Capacitively coupled pickup in MCP-based photodetectors using a conductive metallic anode

TL;DR

This paper presents a novel capacitively coupled internal anode design for MCP-based photodetectors, enabling high-bandwidth signal pickup without electrical connections through the vacuum package.

Contribution

The authors introduce a robust, capacitively coupled internal anode with a multi-channel pickup array that maintains high bandwidth and can be easily customized for various applications.

Findings

Achieved 80% of directly coupled amplitude with pad pattern

Maintained fast pulse rise-time for both pickup patterns

Demonstrated high bandwidth and physical decoupling benefits

Abstract

We have designed and tested a robust 20 $\times$ 20 cm$^2$ thin metal film internal anode capacitively coupled to an external array of signal pads or micro-strips for use in fast microchannel plate photodetectors.
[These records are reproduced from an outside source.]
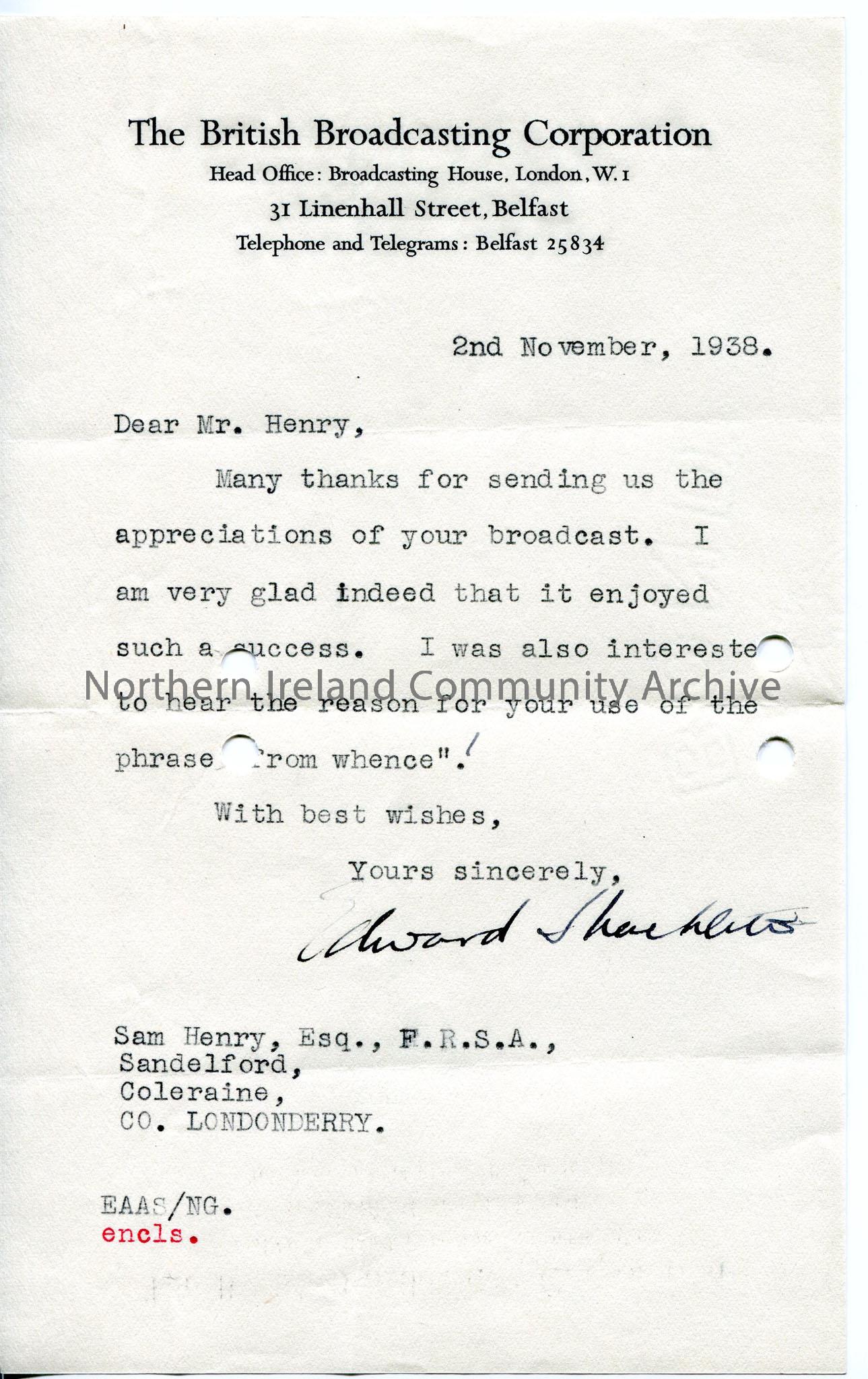 Typed letter from BBC thanking Sam for forwarding appreciations of his broadcast.
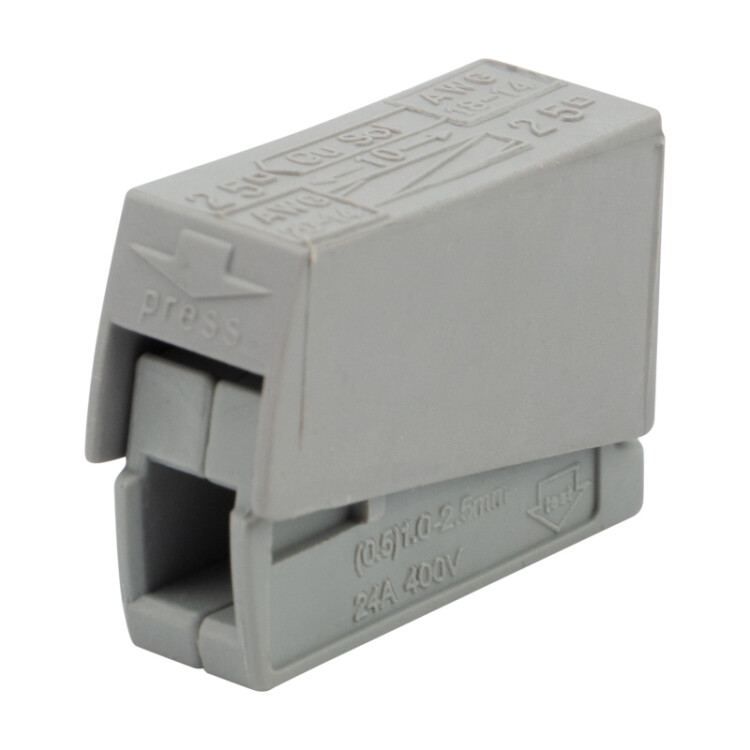 Строительно-монтажная клемма СМК 224-101 для светильника на 1 проводник (0,2-2,5)/(0,14-2,5) мм², серая (100 шт./уп.) REXANT
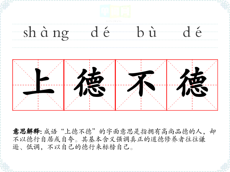 成语“上德不德”的字面意思是指拥有高尚品德的人,却不以德行自居或自夸。其基本含义强调真正的道德修养者往往谦逊、低调,不以自己的德行来标榜自己。
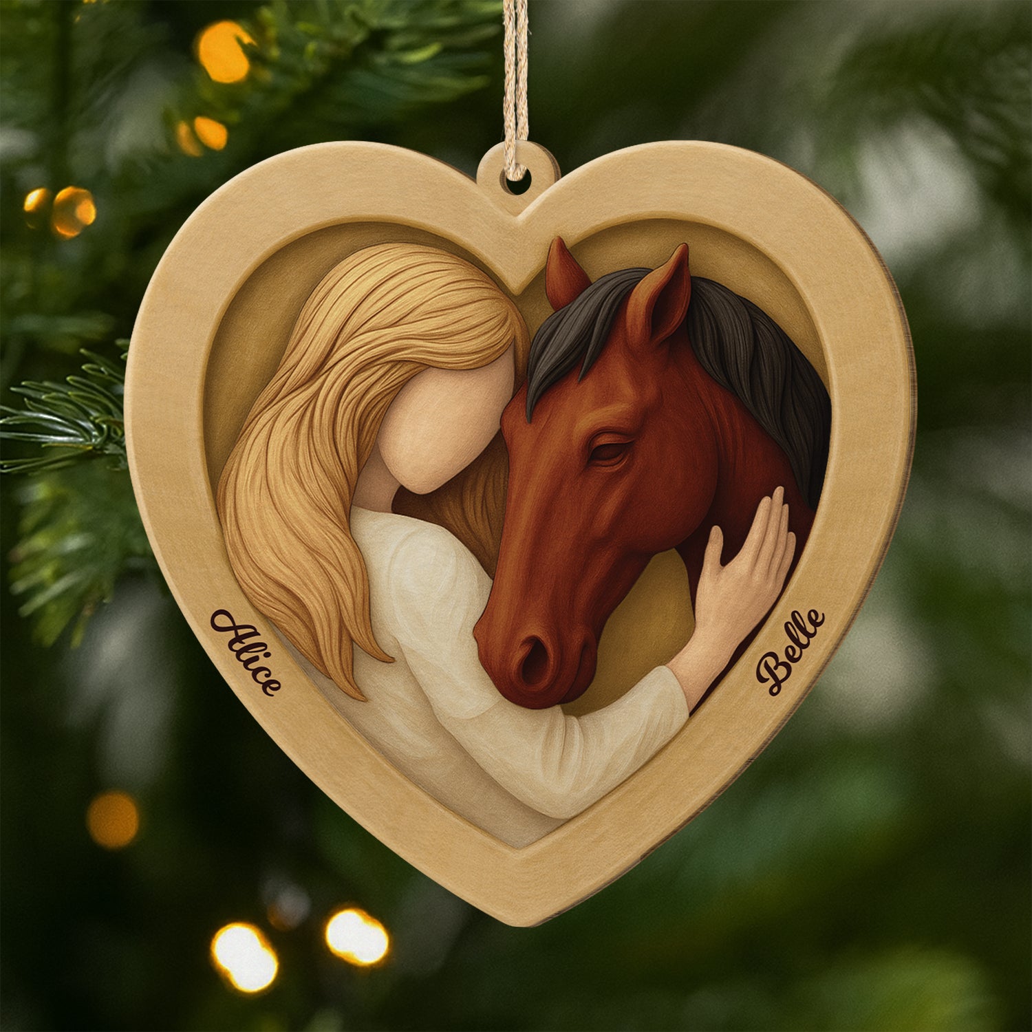 [Effet d'impression 3D] Ornement En Bois À 1 Couche Personnalisé - Fille Et Son Cheval
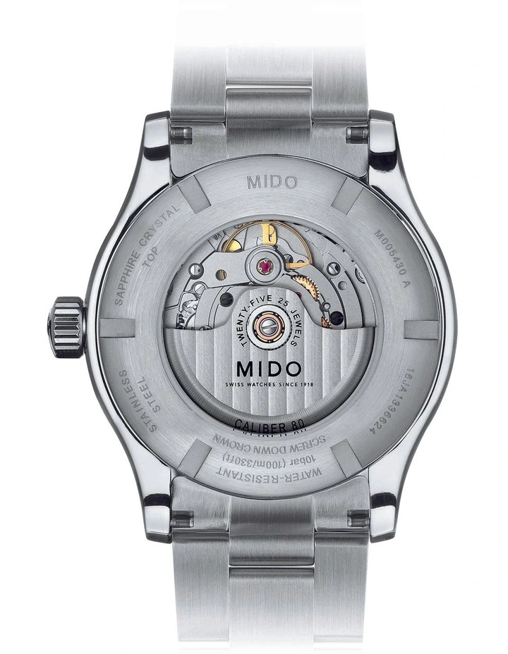 - Movement: Automatic Mido Caliber 80 (base ETA C07.621)
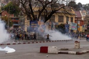 A protester gestures after Malagasy riot police officers lobbed teargas canisters to disperse them during a demonstration against frequent power outages and water shortages, within Antaninandro neighbourhood, in Antananarivo, Madagascar, September 30, 2025. REUTERS/Zo Andrianjafy
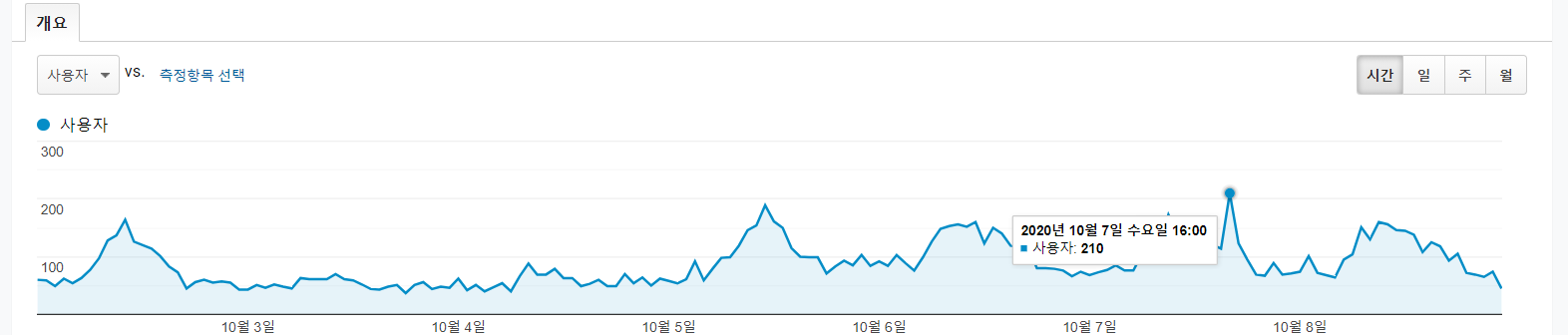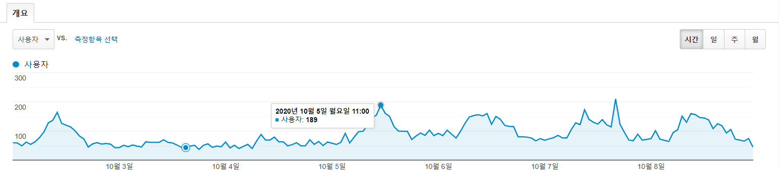 2020.10.02부터 2020.10.08의 시간별 사용자 수 보고서
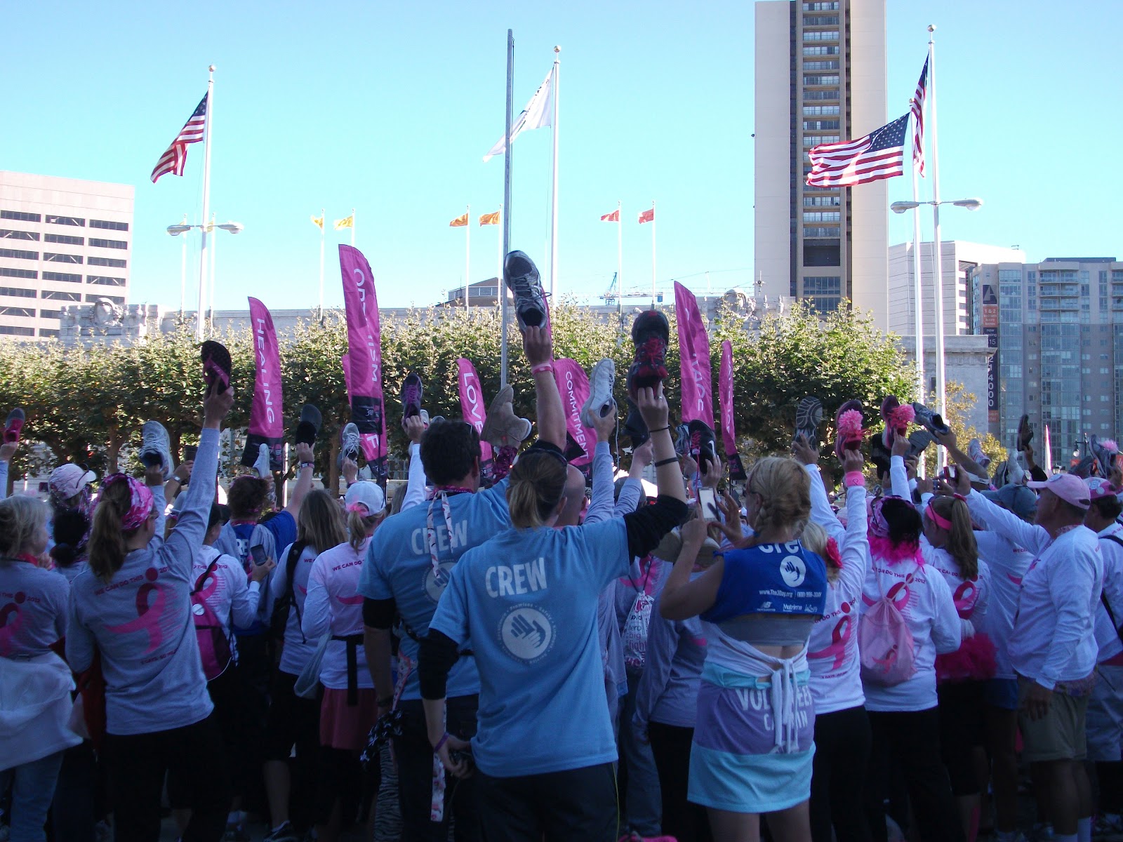 the stage carrying the flags with the names of the loved ones for whom they
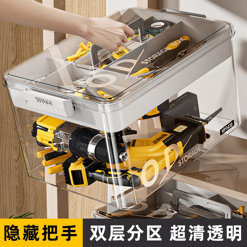 工具箱家用透明收纳盒多功能零件杂物五金整理盒双层大容量收纳箱
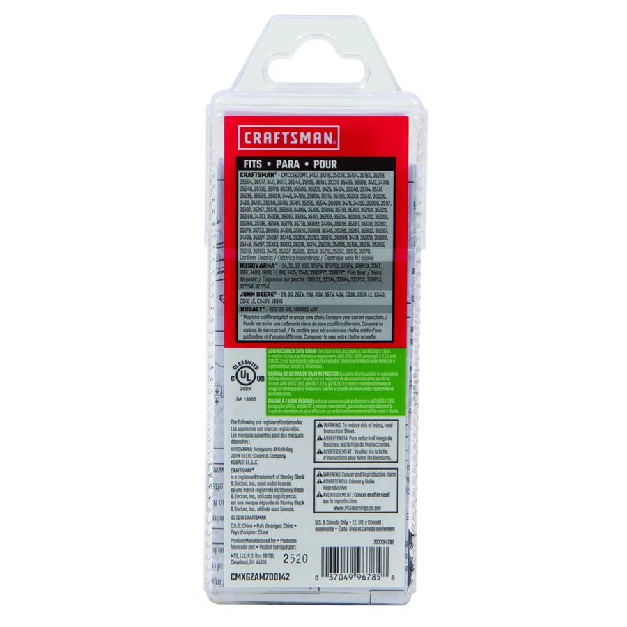 This 8-in low kickback Craftsman replacement fits Craftsman, Echo, Husqvarna. Meant for cordless chainsaw, its has a pitch of 0,375-in.
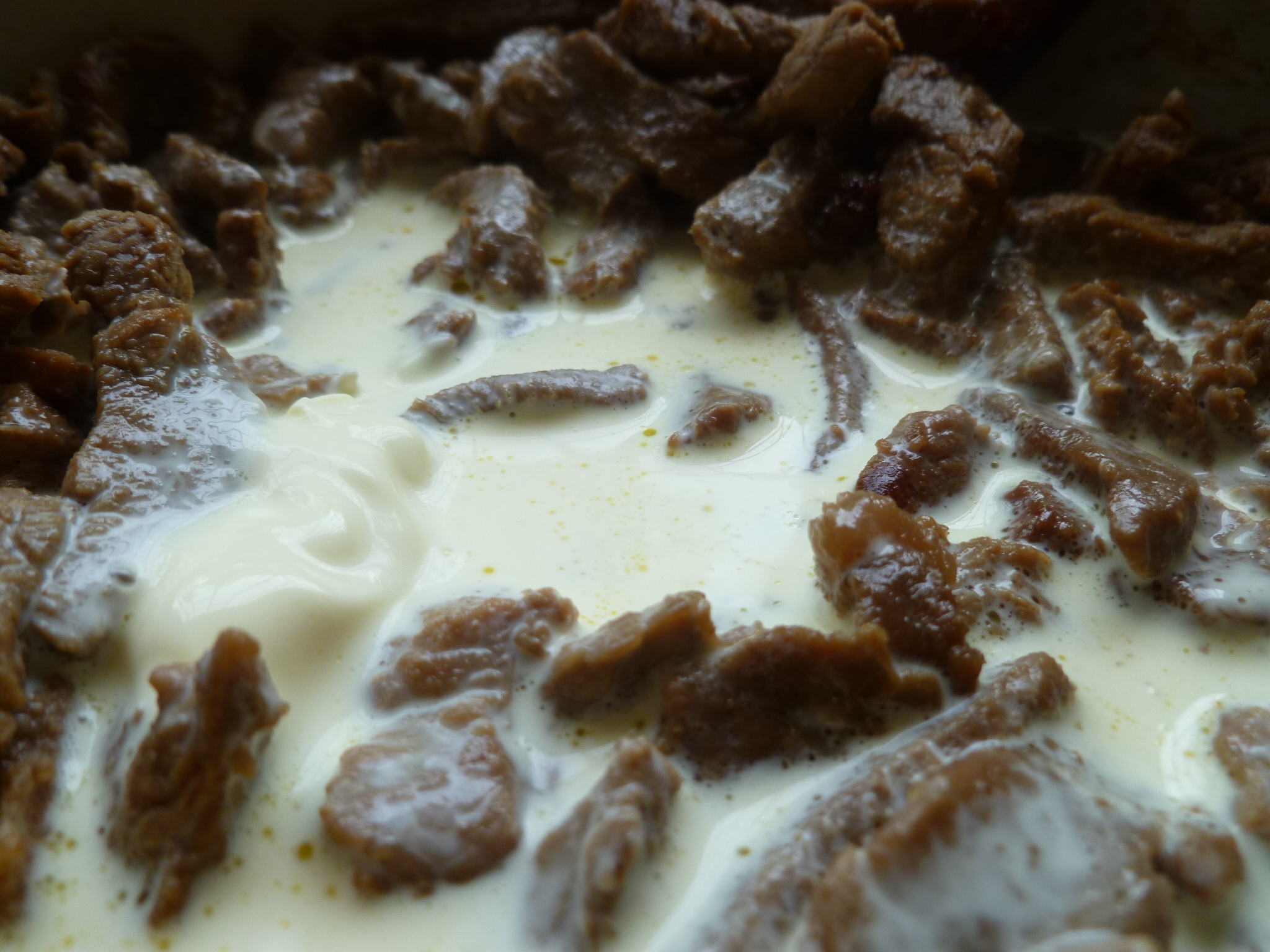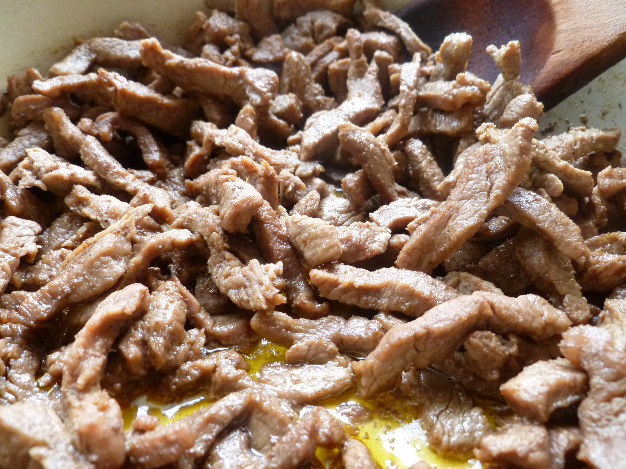 3. Heat the butter slowly until it foams and add the strips of meat. Cook them over medium low heat, stirring frequently, until all the butter is absorbed. The butter will puddle and sizzle; the meat will change colour as it slowly cooks, but shouldn’t crisp as it does when fried.

The internal anode, in this case a 10nm-thick NiCr film deposited on a 96% pure Al$_2$O$_3$ 3mm-thick ceramic plate and connected to HV ground, provides the return path for the electron cascade charge. The multi-channel pickup array consists of a printed-circuit card or glass plate with metal signal pickups on one side and the signal ground plane on the other. The pickup can be put in close proximity to the bottom outer surface of the sealed photodetector, with no electrical connections through the photodetector hermetic vacuum package other than a single ground connection to the internal anode. Two pickup patterns were tested using a small commercial MCP-PMT as the signal source: 1) parallel 50$\Omega$ 25-cm-long micro-strips with an analog bandwidth of 1.5 GHz, and 2) a 20 $\times$ 20 cm$^2$ array of 2-dimensional square `pads' with sides of 1.27 cm or 2.54 cm. The rise-time of the fast input pulse is maintained for both pickup patterns. For the pad pattern, we observe 80% of the directly coupled amplitude. For the strip pattern we measure 34% of the directly coupled amplitude on the central strip of a broadened signal. The physical decoupling of the photodetector from the pickup pattern allows easy customization for different applications while maintaining high analog bandwidth.